- This topic has 13 replies, 8 voices, and was last updated 6 months, 1 week ago by
Tanaphum Wichaita.
-
AuthorPosts
-
-
2024-09-09 at 4:19 pm #45438
Saranath
KeymasterCan you give an example of data that you think it could be considered as “Big Data”? What are the characteristics of the data that fit into 5Vs, or 7Vs, or 10Vs of Big data characteristics?
-
2024-09-16 at 8:12 am #45486
Aung Thura Htoo
ParticipantAn example of bid data in today’s age is the data generated by social media like Facebook, Instagram, and Twitter. According to Wiener and Bronson (2014), Facebook generates 4 new petabytes daily (4,000,000 GB). It meets the general criteria of big data that is very complex, hard to process, and growing at a very fast pace.
5Vs Characteristics:
Volume: As I mentioned above, it generates nearly 4 million GB of data daily, so, the volume is large.
Velocity: 4 million GB per day highlights the fast-paced growth of the data.
Variety: The daily generated new data includes data of different formats and types including tweets, hyperlinks, embedded photos, videos, live stream data, and so on.
Veracity: Since most data is uploaded by the users, the quality of the data is diverse, and vary. But some standard Facebook records like number of clicks, and views are of high reliability as it is recorded using standardized methods.
Value: Analyzing those data can have a great value in understanding consumer behavior, and market trends, as well as targeted advertisement for potential buyers.7Vs Characteristics: (Khan et al., 2018)
Variability: The flow of data is inconsistent, since the new and evolving updates like introducing live stream, and reels, and the changes in posting behavior of the users.
Viscosity: It refers to the complex nature of the data, that includes processing unstructured data like text in user’s posts and comments.10Vs Characteristics: (Khan et al., 2018)
Volatility: It means the durability of the data (lifetime of data stored). For example, some posting and clicking data will not be relevant in a few years later, and retention requirements is another important aspect for big data.
Viability: Not all the collected data will be useful, and determining usefulness of variables in the big data for future prediction modelling is another important aspect of the big data.
Validity: After ensuring the veracity of the data, the validity of the data-driven decision is another important property of the big data. For example, filtering and checking bot-generated data to detect misinformation and hate speech ensures validity of Facebook community standard restriction warnings.References
Khan, N., Alsaqer, M., Shah, H., Badsha, G., Abbasi, A., & Salehian, S. (2018). The 10 Vs, issues and challenges of big data.

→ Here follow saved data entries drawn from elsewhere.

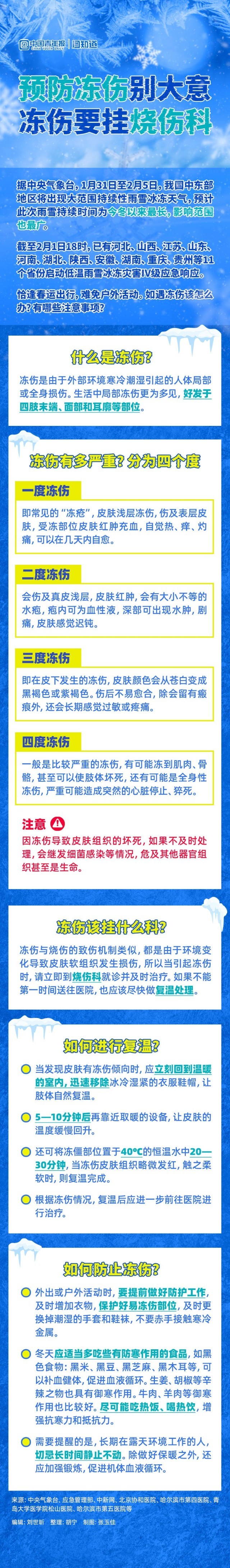 2月1日,中央氣象臺(tái)發(fā)布冰凍橙色預(yù)警。據(jù)預(yù)報(bào),這是2009年以來(lái)冬季最強(qiáng)雨雪冰凍天氣,預(yù)計(jì)將持續(xù)6天,10省份將出現(xiàn)暴雪或大暴雪。恰逢春運(yùn)出行,在旅途中也要謹(jǐn)防凍傷。如遇凍傷該怎么辦?如何緊急補(bǔ)救?想要就醫(yī)該掛什么科室?轉(zhuǎn)發(fā)收藏,祝福大家平安祥和迎春到,開(kāi)心順利過(guò)大年。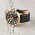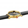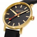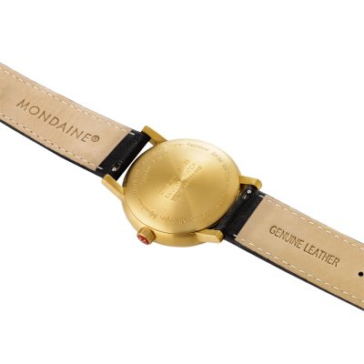 Este relógio Mondaine tem uma caixa de Inox com um diâmetro de 40 mm e está equipado com uma bracelete de couro. A caixa possui um movimento Ronda e o relógio tem um vidro Safira.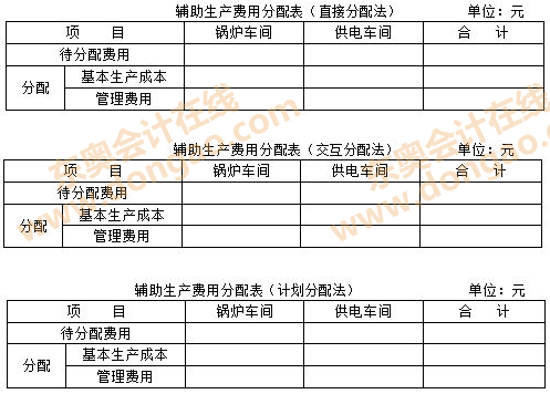 (1)分別采用直接分配法、交互分配法和計劃分配法對輔助生產(chǎn)費用進行分配(結(jié)果填入下方表格中,不用列出計算過程)。(2014年教材刪除了計劃分配法的內(nèi)容)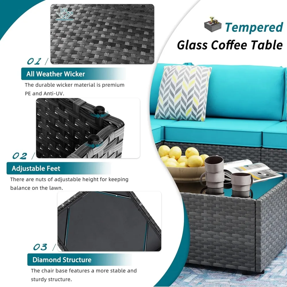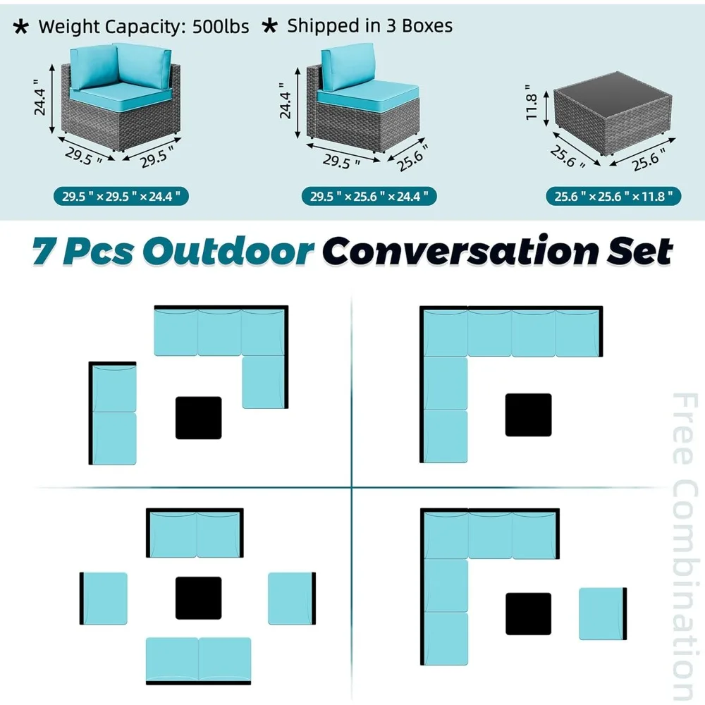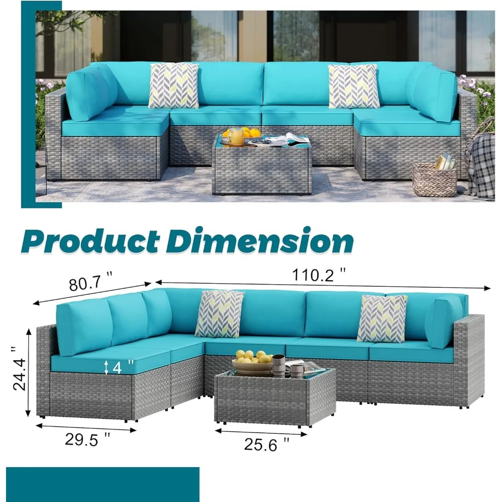 - [Easy to assemble] All parts is easy to assemble with clear instructions and all necessary accessories included. What you get: 7-piece patio conversation set contains: 2*Conner Sofas: 29.5 x 29.5 x 24.8 inches, 4*Armless Sofas: 29.5 x 25.6 x 24.8 inches, 1*Coffee Table: 25.6 x 25.6 x 14 inches.

Proceedings of the 2018 International Conference on Big Data and Education, 52-56. https://doi.org/10.1145/3206157.3206166.
Wiener, J., & Bronson, N. (2014, October 22). Facebook’s top open data problems. Facebook Research. https://research.facebook.com/blog/2014/10/facebook-s-top-open-data-problems/. -
2024-09-18 at 8:28 am #45559
Cing Sian Dal
ParticipantBefore explaining Big Data characteristics, I would like to mention the evolution of humans first.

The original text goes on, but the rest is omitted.